Soviet Military Cautions Against Breakup of Union

May 10, 1991

SOVIET military leaders yesterday marked the anniversary of the victory over Nazi Germany with stern warnings against any attempt by rebellious republics to leave the Soviet Union. ``Today the ambitious, nationalist and separatist forces are doing their utmost to ruin the union,'' Defense Minister Dmitri Yazov wrote in the Communist Party daily Pravda.

``Only a strong and single union of sovereign Soviet republics can act on the world arena as a superpower,'' Marshal Yazov declared. ``That is exactly what the war proved to the world.''

Yazov's statements were echoed by other military leaders whose remarks were carried in the official and Communist Party-controlled news media. Retired Air force commander Marshal Ivan Kozhedub linked the nationalist political leaders to the fascists defeated in World War II. The military was once again prepared to fulfill its responsibilities, he wrote in Rabochaya Tribuna, to block ``the ambitious leaders who are playing the role of undertakers of the superpower.''

Yazov also called on the Soviet people to remain on guard against the West. Military parity should be maintained because ``there is no guarantee that positive processes ... are irreversible,'' he wrote. With the dissolution of the Warsaw Pact, he continued, ``the military-political situation in Europe is changing radically, but not in our favor.''

One lesson of the Nazi invasion of the Soviet Union, Yazov said, is that ``we shouldn't, even for the sake of peace, disarm ourselves irresponsibly, lose vigilance.'' He pointed to the Gulf war as evidence that ``the military threat, the attempts to set up a new world order relying on force, is an objective reality.''

These warnings occur against a backdrop of heightening tensions in the Caucasus between the nationalist government of Armenia and Soviet security forces. For the first time, Soviet Army troops are directly involved in operations against what they claim are armed and illegal Armenian groups. The conflict is the outgrowth of a dispute between Armenia and neighboring Azerbaijan over the Armenian-populated territory of Nagorno-Karabakh, which lies within Azerbaijan.

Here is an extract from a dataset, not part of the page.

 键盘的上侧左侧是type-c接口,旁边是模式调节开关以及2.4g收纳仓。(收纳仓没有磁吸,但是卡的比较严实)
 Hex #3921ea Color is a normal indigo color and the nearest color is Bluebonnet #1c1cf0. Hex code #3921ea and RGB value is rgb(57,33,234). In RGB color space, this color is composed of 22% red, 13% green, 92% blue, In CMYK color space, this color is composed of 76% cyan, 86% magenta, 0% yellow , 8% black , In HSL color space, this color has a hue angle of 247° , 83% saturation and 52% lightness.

Yuri Shatalin, the commander of the Soviet Interior Ministry troops, told the government daily Izvestia on Wednesday that the Army had taken responsibility for control of the border between Azerbaijan and Armenia.

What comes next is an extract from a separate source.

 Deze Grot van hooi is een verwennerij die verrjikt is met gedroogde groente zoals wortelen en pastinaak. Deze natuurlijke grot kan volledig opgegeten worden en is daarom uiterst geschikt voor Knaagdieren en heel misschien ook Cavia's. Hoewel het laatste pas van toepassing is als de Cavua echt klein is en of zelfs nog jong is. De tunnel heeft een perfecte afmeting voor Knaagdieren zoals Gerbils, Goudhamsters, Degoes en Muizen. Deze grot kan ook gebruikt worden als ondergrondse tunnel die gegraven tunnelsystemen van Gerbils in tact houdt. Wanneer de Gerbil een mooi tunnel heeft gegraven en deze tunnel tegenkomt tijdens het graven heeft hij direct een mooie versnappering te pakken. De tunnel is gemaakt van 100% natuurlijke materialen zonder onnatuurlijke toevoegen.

GENERAL Shatalin claimed that this ``redeployment'' had ``alarmed some people,'' and had triggered firing on military units. In the past, the military tried to avoid involvement in conflicts with the population, but now, Shatalin said, they have been ordered to return fire.

Reports from the Armenian government and Western correspondents on the scene, however, tell a different tale. Armenian officials charge the Soviet government with ``declaring war'' on their republic for its decision to seek independence from the Soviet Union. Azerbaijan is being backed, they charge, as a reward for its decision to stay in the union.

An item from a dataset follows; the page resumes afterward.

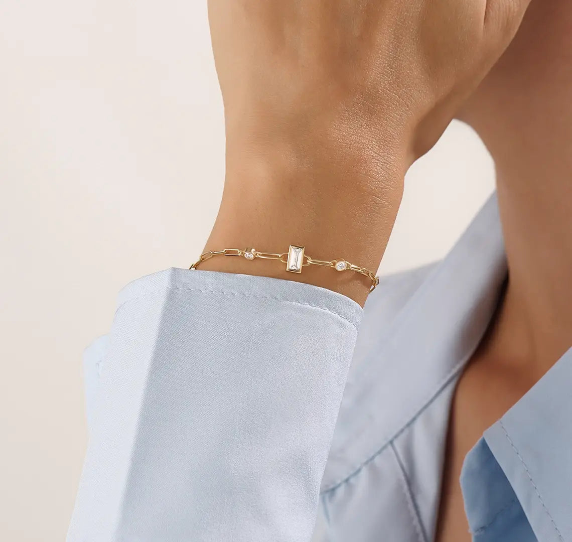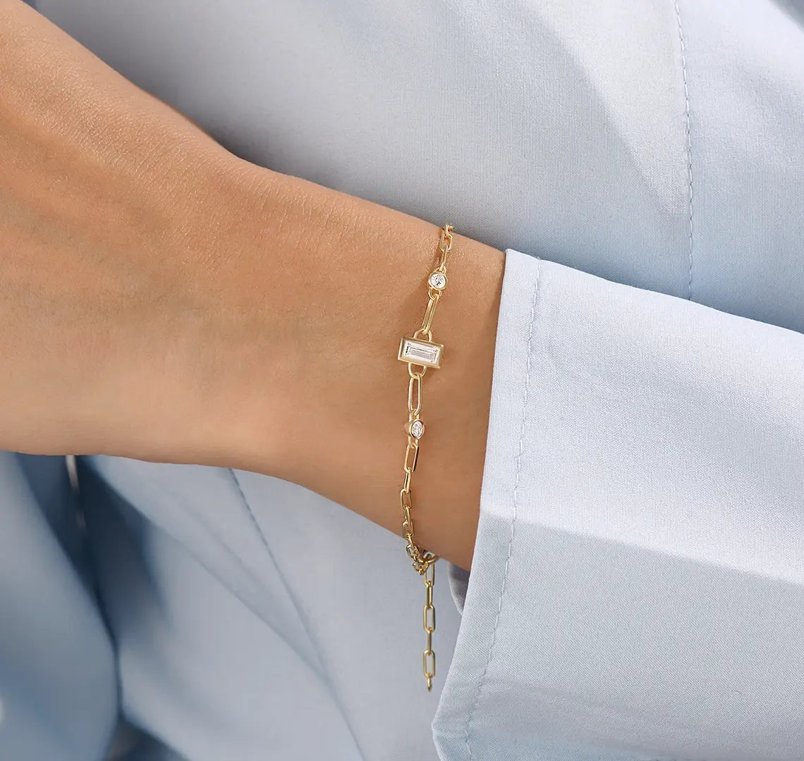 14k Gold Baguette Lab Diamond Vermeil Bracelet

A Reuters dispatch from the border region yesterday described an Army assault in which 200 troops, in helicopters and armored vehicles, swept into the mountain village of Shurnukh and seized 25 prisoners. The account said the troops opened fire, taking aim at Armenian policemen.

Soviet Security Council member Vadim Bakatin, commenting on the war anniversary in an interview in the Army daily Red Star, struck a more balanced tone on these events.

``The union is necessary, we can even say it is inevitable,'' said Mr. Bakatin, one of the few remaining prominent liberals among President Mikhail Gorbachev's advisers. ``But in the modern world, union is possible only by voluntary union.''

Bakatin warned that ``all the attempts, even with the best intentions, to forcefully preserve the union, only destroy it.'' Bakatin was forced out as interior minister last December.